*** DATASET RECORDS
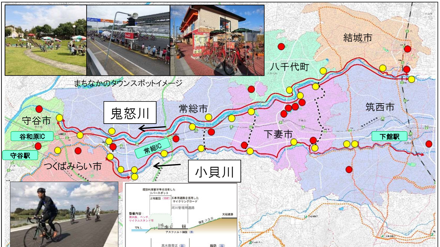
工事用道路を活用したサイクリングロード、河川敷のリバースポット整備イメージ

結城市・下妻市・常総市・守谷市・筑西市・つくばみらい市・八千代町：リバースポット上面整備 (案内板、ベンチ、サイクルスタンドなど)
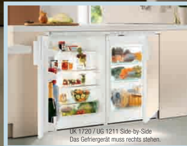
UK 1720 / UG 1211 Side-by-Side Das Gefriergerät muss rechts stehen.
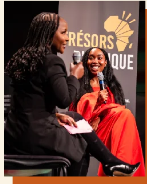
Discussion avec la réalisatrice en salle IMAX du Vieux-Port.

Vidéaste et réalisatrice franco-camerounaise suivie par 1,4 million d'abonnés, Sally s'est imposée comme une figure majeure de la nouvelle génération de créateur·rices qui racontent l'Afrique autrement — loin des clichés, à hauteur de quotidien, de patrimoine et de jeunesse. Sa série documentaire Motherland , lancée en 2021, a exploré la Côte d'Ivoire, le Sénégal, le Cameroun et la RDC avant le Bénin. L'épisode béninois, consacré à la spiritualité, a fait salle comble au Grand Rex de Paris en septembre 2025, avant une projection officielle à Cotonou. En accueillant Sally, Trésors d'Afrique a fait de Montréal une étape de ce parcours — après Paris et Cotonou.
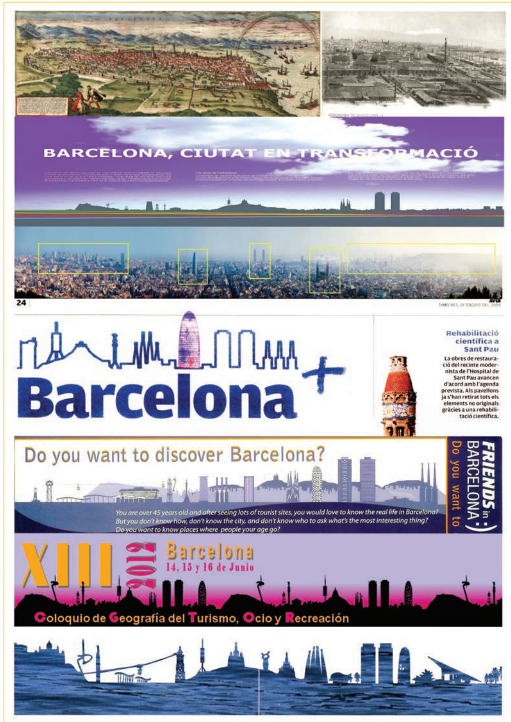
Figures n°6 : Incorporation de la Torre Agbar dans la silhouette de la ville : collage de panoramas identitaires. Panorama de Barcelone en 1535. La ville dans sa globalité depuis Montjuich. Anton van den Wyngaerde. Panorama de Barcelone en 1910, juste après l'exposition universelle de 1888, Le monument à Colomb. Panorama depuis l'intérieur des terres, 2010, PB, les 5 points focaux de localisation. Panorama, silhouette de la ville du journal Avui, 2009, Avec l'aimable autorisation du journal catalan®. Panorama, silhouette de la ville du journal, Barcelona Friends, 2010, ®. Panorama, silhouette de la ville du colloque de tourisme à Barcelone, 2012. Panorama, silhouette de la ville du port olympique et école de voile, Avui, 2008, brochure publicitaire ®
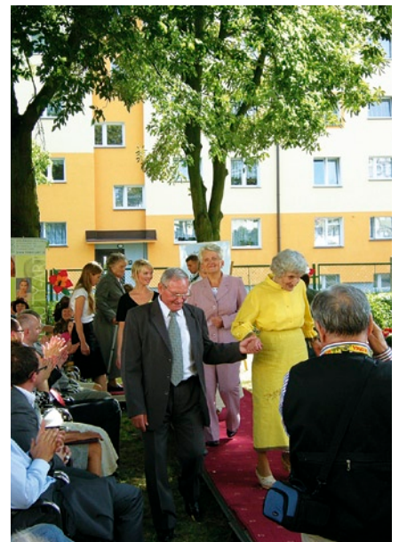
Seniorzy na wybiegu!

Celem przedsięwzięcia było rzucenie wyzwania stereotypom dotyczącym osób starszych i niepełnosprawnych oraz zwrócenie uwagi na ich potrzeby. Gratulujemy pomysłu, a cel został osiągnięty: wydarzenie relacjonowały prawie wszystkie trójmiejskie media.
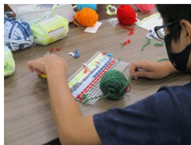
ネット手芸でペン立てを作ろう
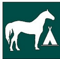
Kanpalekua Zona de acampada
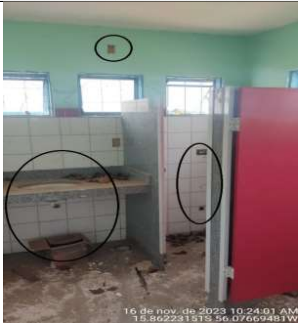
Figura 19 - Pia sem sifão e torneira, tomada alta e média sem fiação e não houve instalação dos vasos sanitários.
******
DIRECTIONS |
Each record must be returned exactly as it stands, and the images omitted.

WRITTEN SOLUTION |
工事用道路を活用したサイクリングロード、河川敷のリバースポット整備イメージ

結城市・下妻市・常総市・守谷市・筑西市・つくばみらい市・八千代町：リバースポット上面整備 (案内板、ベンチ、サイクルスタンドなど)
UK 1720 / UG 1211 Side-by-Side Das Gefriergerät muss rechts stehen.
Discussion avec la réalisatrice en salle IMAX du Vieux-Port.

Vidéaste et réalisatrice franco-camerounaise suivie par 1,4 million d'abonnés, Sally s'est imposée comme une figure majeure de la nouvelle génération de créateur·rices qui racontent l'Afrique autrement — loin des clichés, à hauteur de quotidien, de patrimoine et de jeunesse. Sa série documentaire Motherland , lancée en 2021, a exploré la Côte d'Ivoire, le Sénégal, le Cameroun et la RDC avant le Bénin. L'épisode béninois, consacré à la spiritualité, a fait salle comble au Grand Rex de Paris en septembre 2025, avant une projection officielle à Cotonou. En accueillant Sally, Trésors d'Afrique a fait de Montréal une étape de ce parcours — après Paris et Cotonou.
Figures n°6 : Incorporation de la Torre Agbar dans la silhouette de la ville : collage de panoramas identitaires. Panorama de Barcelone en 1535. La ville dans sa globalité depuis Montjuich. Anton van den Wyngaerde. Panorama de Barcelone en 1910, juste après l'exposition universelle de 1888, Le monument à Colomb. Panorama depuis l'intérieur des terres, 2010, PB, les 5 points focaux de localisation. Panorama, silhouette de la ville du journal Avui, 2009, Avec l'aimable autorisation du journal catalan®. Panorama, silhouette de la ville du journal, Barcelona Friends, 2010, ®. Panorama, silhouette de la ville du colloque de tourisme à Barcelone, 2012. Panorama, silhouette de la ville du port olympique et école de voile, Avui, 2008, brochure publicitaire ®
Seniorzy na wybiegu!

Celem przedsięwzięcia było rzucenie wyzwania stereotypom dotyczącym osób starszych i niepełnosprawnych oraz zwrócenie uwagi na ich potrzeby. Gratulujemy pomysłu, a cel został osiągnięty: wydarzenie relacjonowały prawie wszystkie trójmiejskie media.
ネット手芸でペン立てを作ろう
Kanpalekua Zona de acampada
Figura 19 - Pia sem sifão e torneira, tomada alta e média sem fiação e não houve instalação dos vasos sanitários.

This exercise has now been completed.